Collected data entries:
»»

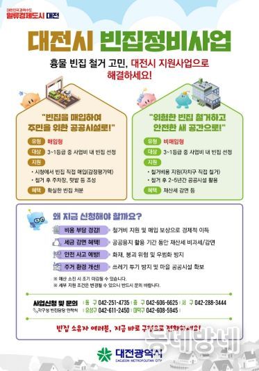 동네방네 김형규 기자 | 대전시는 도심 속 안전을 위협하고 주거 환경을 저해하는 빈집을 정비하기 위한 2026년 빈집 정비사업 대상지를 모집하고 있다.
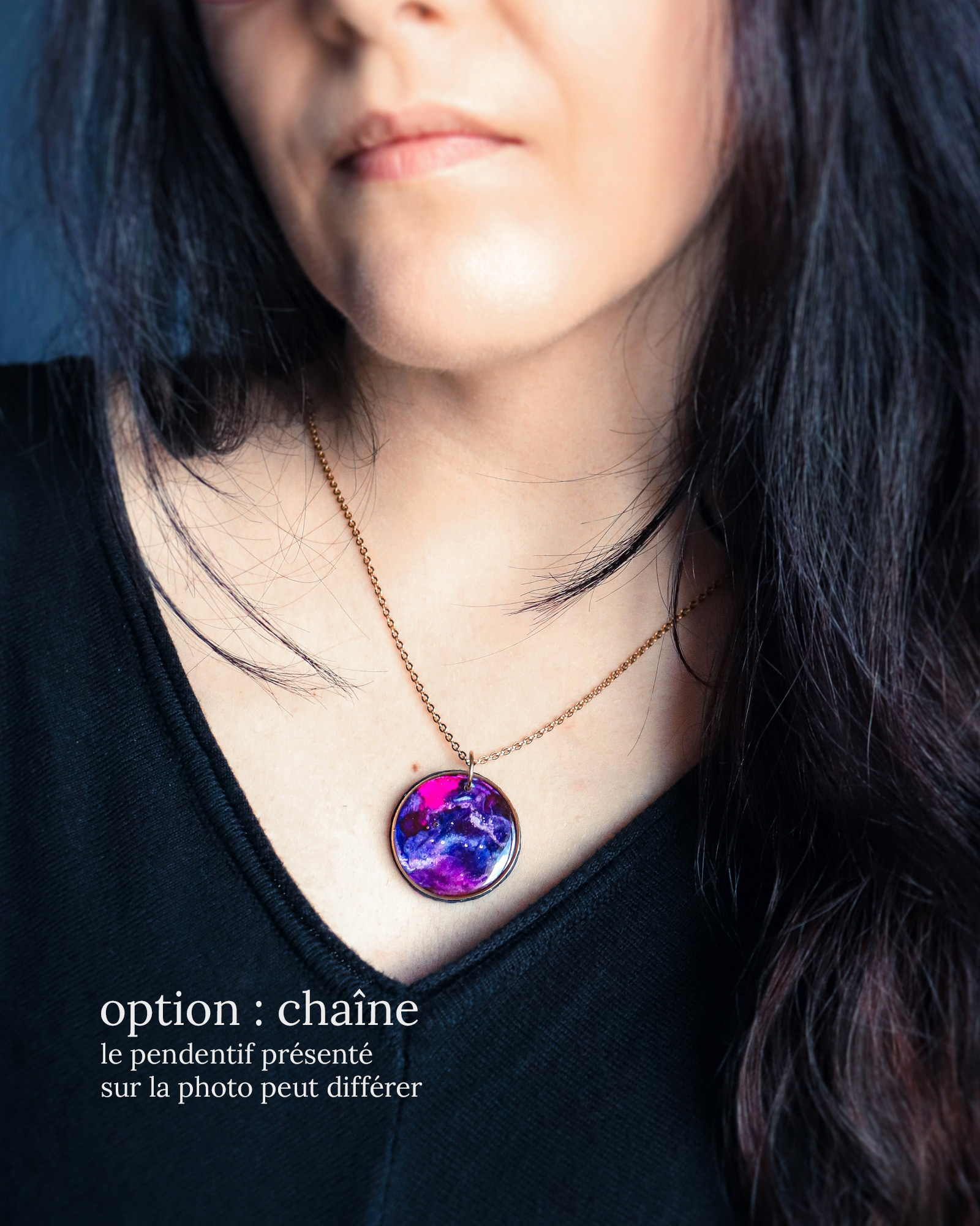 Et si vous portiez une nébuleuse autour du cou ? Voici un pendentif original et entièrement fait main pour les amoureux des étoiles et de l’espace.
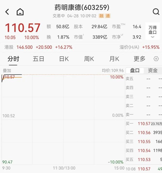 消息面上,4月27日晚间,药明康德披露2026年一季报,公司实现营业收入124.36亿元,同比增长28.81%,一季度营收首次超越百亿元;实现归母净利润46.52亿元,同比增长26.68%。营业收入、归母净利润均创下历史同期新高。
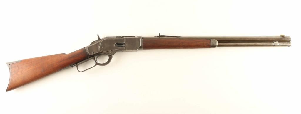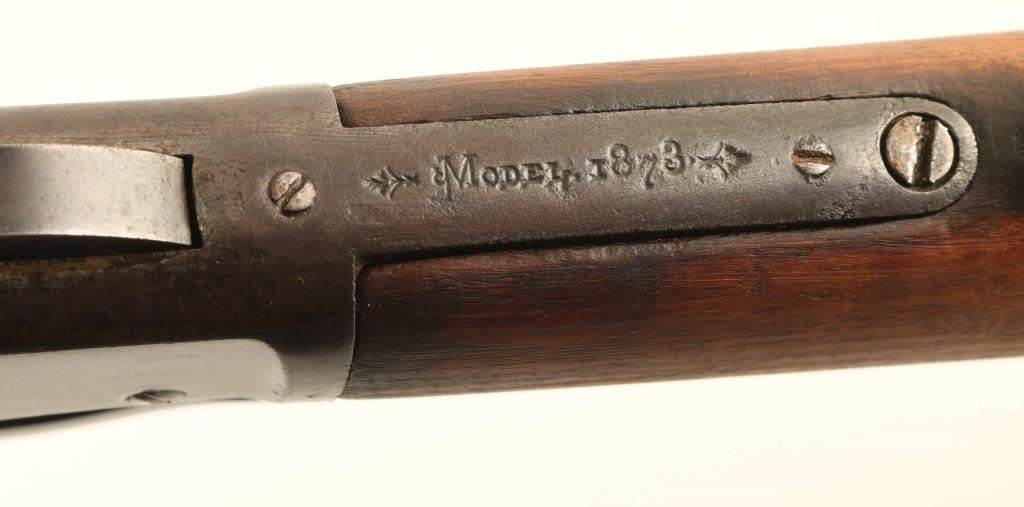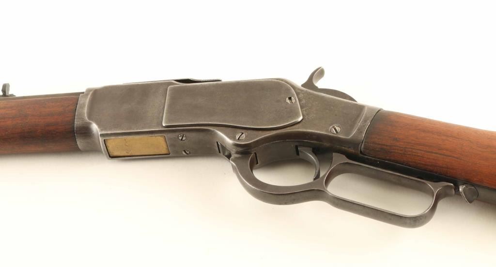 Rifle. Lever-Action. 22" octagonal barrel with front blade, and Marbles notch rear sights. Smooth walnut stock, and forearm with crescent steel buttplate. Sliding brass door for storage in stock. All markings are clear/readable except for the "38-Cal" on the barrel is a little faded. Bore appears very good/bright. Action is smooth/tight. There is a 3 1/2" split at the top of the tube magazine. Wood is good with minor scratches/dings. Also is a narrow crack that runs along the right of the forearm. Barely noticeable. Blued metal finish has turned a dull gray/plum color. Front sight blade may be a replacement. Barrel appears to have been cut down to its present length. Still, consignor states its a "Good Shooter" NRA Condition-Antique Fair. Antique Firearm.
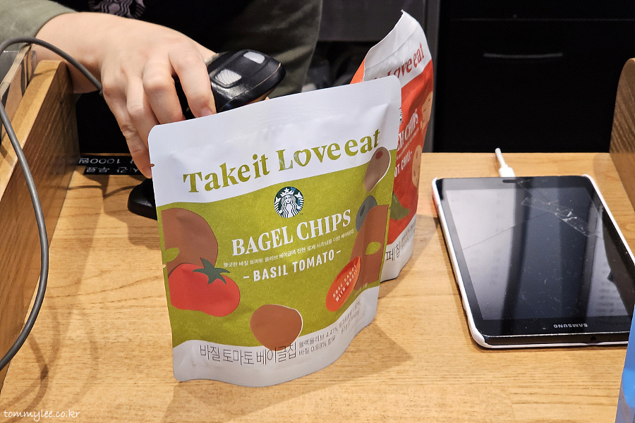 일단 아메리카노로 목을 축인 후 사이렌오더로 템페칩 2+1 행사 참여를 위해 바질토마토 베이글칩과 핫칠리 템페칩을 주문했는데요.. 이게 포스 주문을 해야 2+1 적용이 된다고 해서..
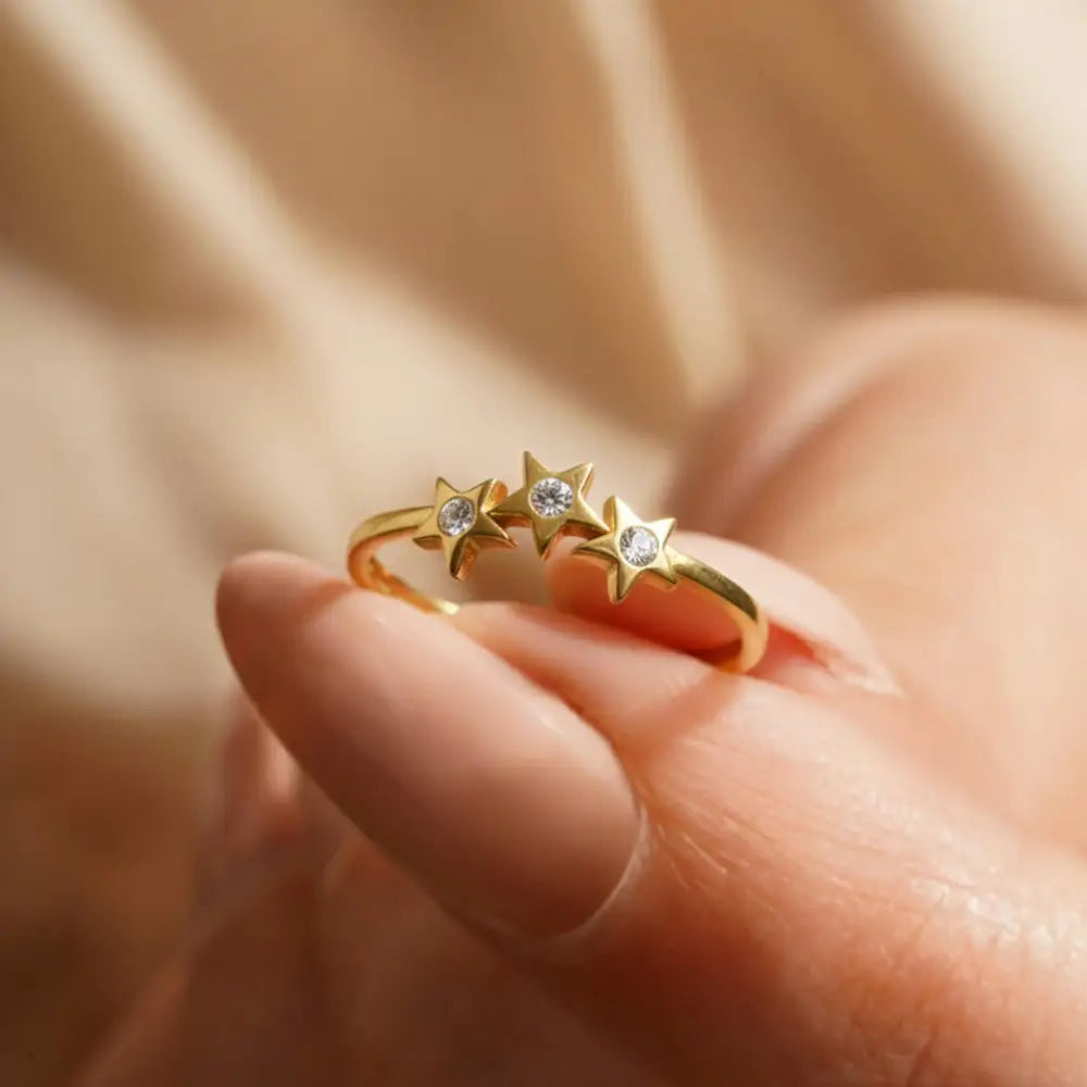 Wear a constellation on your finger! 💫 This dreamy **Triple Star Ring** captures the magic of the night sky. Three polished gold stars are arranged in a gentle curve, each set with a sparkling stone in its center to mimic the twinkle of distant galaxies. It’s a design that reminds you to keep looking up. ✨
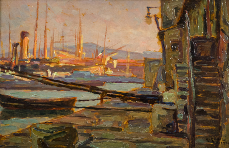 Renuccio Renucci (Livorno Livorno 1947) Porto, anni '20 Olio su tavola, cm. 15x22,5. Firmato in basso a destra. Esposizione: Antologica Duemiladodici, Galleria d'Arte Goldoni, Livorno, 24 Novembre - 29 Dicembre 2012, pubblicato sul catalogo della mostra a pag. 28. Certificato di Autenticità e Provenienza Galleria d'Arte Goldoni, Livorno.
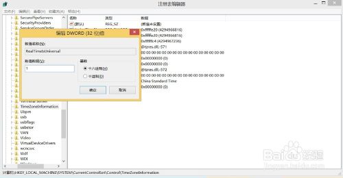 第三步、在TimeZoneInformation這個文件夾新建DWORD值(32位),重命名為"RealTimeIsUniversal"值設為1,設置完后.關閉注冊表編輯器.重新啟動平板.時間問題既可解決
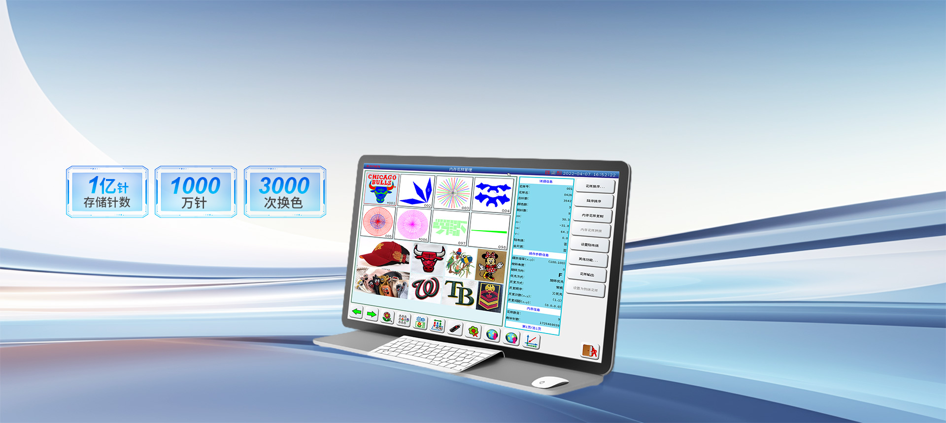 存儲(chǔ)針數(shù)達(dá)1億針,單個(gè)花樣可達(dá)1000萬(wàn)針、3000次換色,滿足復(fù)雜花樣設(shè)計(jì)需求

««

■ **WHAT NEEDS TO BE DONE**: The answer must be an exact transcription of the lines from the one holding "Wear a constellation" to the last line of the entries above, with no pictures and nothing else.

■ **SOLUTION TO THIS PROBLEM**:
 Wear a constellation on your finger! 💫 This dreamy **Triple Star Ring** captures the magic of the night sky. Three polished gold stars are arranged in a gentle curve, each set with a sparkling stone in its center to mimic the twinkle of distant galaxies. It’s a design that reminds you to keep looking up. ✨
 Renuccio Renucci (Livorno Livorno 1947) Porto, anni '20 Olio su tavola, cm. 15x22,5. Firmato in basso a destra. Esposizione: Antologica Duemiladodici, Galleria d'Arte Goldoni, Livorno, 24 Novembre - 29 Dicembre 2012, pubblicato sul catalogo della mostra a pag. 28. Certificato di Autenticità e Provenienza Galleria d'Arte Goldoni, Livorno.
 第三步、在TimeZoneInformation這個文件夾新建DWORD值(32位),重命名為"RealTimeIsUniversal"值設為1,設置完后.關閉注冊表編輯器.重新啟動平板.時間問題既可解決
 存儲(chǔ)針數(shù)達(dá)1億針,單個(gè)花樣可達(dá)1000萬(wàn)針、3000次換色,滿足復(fù)雜花樣設(shè)計(jì)需求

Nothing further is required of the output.